I was noting in the 32-bit instruction-encoding intended for SIMD, I had 
a few bits left over, so expanded the number of addressable registers 
for most of these ops from 16 to 32 (with "FMOV FRm,FRn" having access 
to the full 64).
     for these reasons, YDn and ZDn are inaccessible to the 16-bit 
instruction forms.
     for 16-bit I-forms, a bit in FPSCR selects between FRn and XFn 
registers (as in SH4).
         for 32-bit I-forms, any of FRn or XFn may be accessed at any time.
         likewise goes for having 32 doubles.
     unlike SH4, FPSCR.PR allows direct access to 16 doubles for 16-bit 
I-forms.

most of this will depend though on whether the core has SIMD capabilities.
if it only has a normal FPU, then most of the added stuff will be absent.


but, anyways, 96+64=160 dwords, 640 bytes, or 5.12 kbits...
128 dwords / 512 bytes would be enough for a 64-bit core with a more 
basic FPU.


> - A portable implementation that is also space efficient restricts things to register files of r read ports and w=1 write port.  The area scales roughly with r*w, but also you need last written tag bits and other nastiness when w > 1.  Most modern FPGAs allow turning the basic nLUT logic element into a 1bit x 2^n async RAM primitive.  You can build a lot of good things efficiently with those.  A lot of Open RTL we find doesn't fit that model, and ends up using fabric flops.  But there are only so many of those LUTs in any case.  You don't want to use Block RAM for your reg files in FPGA if you can help it.  It's not impossible, but since they are sync read, it affects the design of your pipeline.

I am not sure here.

it is a bit fuzzy how much space is available to work with for 
registers, or how this stuff really works at this level.


> - A 64 bit mode absolutely needs to be designed to have a nice even flow of instructions through the memory interface and cache.

I am trying here.


> - The reason ditching MOV.W @(PC,disp) etc had an adverse effect is because it's fundamental to constant loading on the SH.  The ISA is designed around that (and other) construct(s)... it was an early design decision, likely before any instructions were defined at all.

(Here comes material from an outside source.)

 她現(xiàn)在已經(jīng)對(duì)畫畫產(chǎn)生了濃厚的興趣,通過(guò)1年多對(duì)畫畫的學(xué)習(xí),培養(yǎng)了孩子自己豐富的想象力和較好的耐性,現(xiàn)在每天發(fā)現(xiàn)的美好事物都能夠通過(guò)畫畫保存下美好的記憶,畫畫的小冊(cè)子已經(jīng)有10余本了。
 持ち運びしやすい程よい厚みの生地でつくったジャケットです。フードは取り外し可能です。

there was still MOV.L @(PC,disp) and similar, but forcing everything 
from for MOV.W over to MOV.L or even MOVI20 resulted in a fairly 
significant increase in code footprint.

my original idea was to replace "MOV.W @(PC,disp)" with "MOV.Q 
@(PC,disp)" in 64-bit mode; but initial testing showed that this was a 
bad idea, and it would be better space-wise to use a 32-bit instruction 
form for "MOV.Q @(PC,disp)" and leave the 16-bit MOV.W form as it is (or 
at least make it depend on DQ rather than JQ).

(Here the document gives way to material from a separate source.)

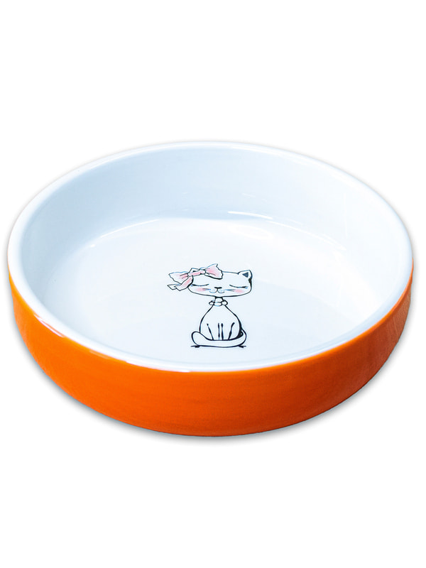 Миски, поилки, хранение корма Mr.Kranch Миска Mr.Kranch керамическая для кошек Кошка с бантиком 370 мл оранжевая

the current MOV.Q instruction form is:
     8Eed-Dndd  MOV.Q @(PC,disp13), Rn
     otherwise, this may also encode a MOV.W or MOV.L with a 13-bit 
displacement.
     supports a 32 or 64-bit destination register (may sign or zero 
extend to 64 bits).


> - So the best 64bit approach is 'mundane', and predictable, meaning that,
>
> - The fundamental principles of the ISA (e.g. constants are loaded relative to PC, just one such thing) remain the same.  Then things like LEA instructions are not a good fit... since they don't match the methodology.

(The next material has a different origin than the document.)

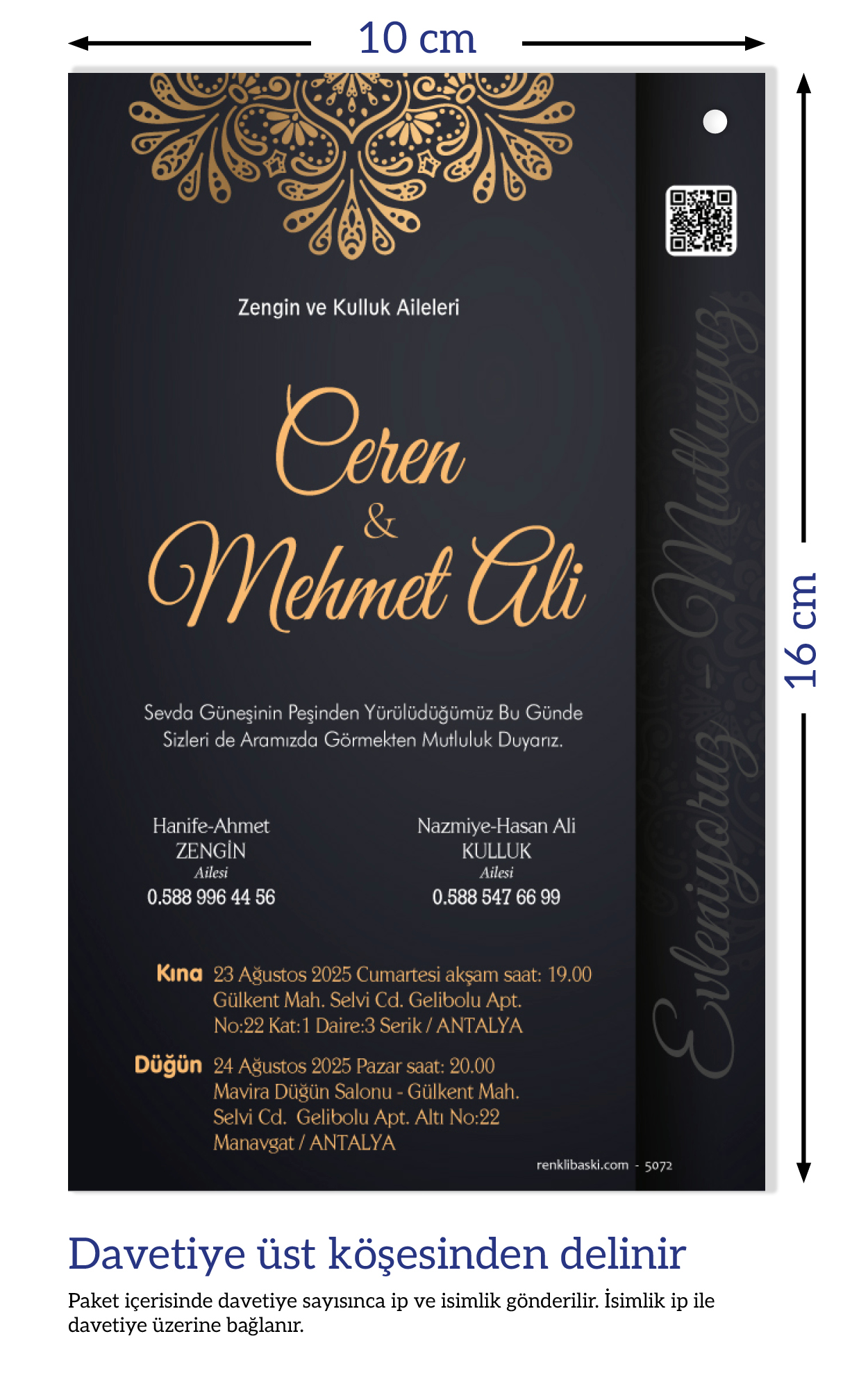 Davetiyemiz 10x16 cm ölçülerinde, dikey tasarıma sahiptir ve üst köşesinden delinerek isimlik ip ile bağlanmaktadır.

the LEA instructions mostly provide the ability to do "Reg+Reg*Sc+Disp" 
and similar, which if done directly using arithmetic and 32-bit 
instruction-forms (if needed for quadword ops), could do bad things to 
the code footprint (and using 16-bit instruction forms still isn't so 
great here).

ex:
     LEA.L @(R10, R11, 20), R12
works out to:
     MOV R11, R12
     ADD #5, R12
     SHLL2 R12
     ADD R10, R12

so, 4 bytes vs 8 bytes (for 32-bit mode w/ 16-bit ops).
if all quadword ops need 32 bits, then it is 4 vs 16.
if there is no displacement, granted, it is 4 vs 6 (32-bit) or 4 vs 12 
(64-bit).

these constructs come up a lot when dealing with things like arrays and 
structs.

there is also the simpler case:
     LEA.L @(Rm, disp8s), Rn
     adds a scaled displacement to Rm and stores result in Rn.
     still useful in 64-bit mode because there otherwise isn't otherwise 
a good/cheap way to do this.


the alternative is having the 16-bit instruction forms use 64-bit 
arithmetic, which runs into other issues:
     need to mode-change between working with integer math and doing 
pointer operations
         this is more messy and would adds mode-changing related costs.
         this is a problem as code often tends to rapidly alternate 
between integer and pointer ops.
             even a mode-toggle op would still be expensive in these cases.
     or, would need to regularly sign and zero extend arithmetic so that 
it behaves as expected.
         this is an issue mostly because integer arithmetic is a lot 
more common than pointer arithmetic.
         a lot of existing code will not work correctly unless integer 
operations sign/zero extend.
         could work out more expensive overall than the mode-toggling 
approach.

this is closer to my original design, but as-noted, seems to be more 
expensive than a "just use LEA and similar" approach (which mostly 
avoids both sets of issues).


likewise, having nearly all quadword ops use 32-bits instructions is 
simpler than mode-toggling.
     but, now "MOV.Q Rm, @-R15" would need 32-bits
     hence, this is where 16-bit PUSH.Q/POP.Q ops come from
         IOW: mostly to limit an otherwise significant expansion of 
function prolog/epilog sequences.


so, mostly looking for low-cost solutions here.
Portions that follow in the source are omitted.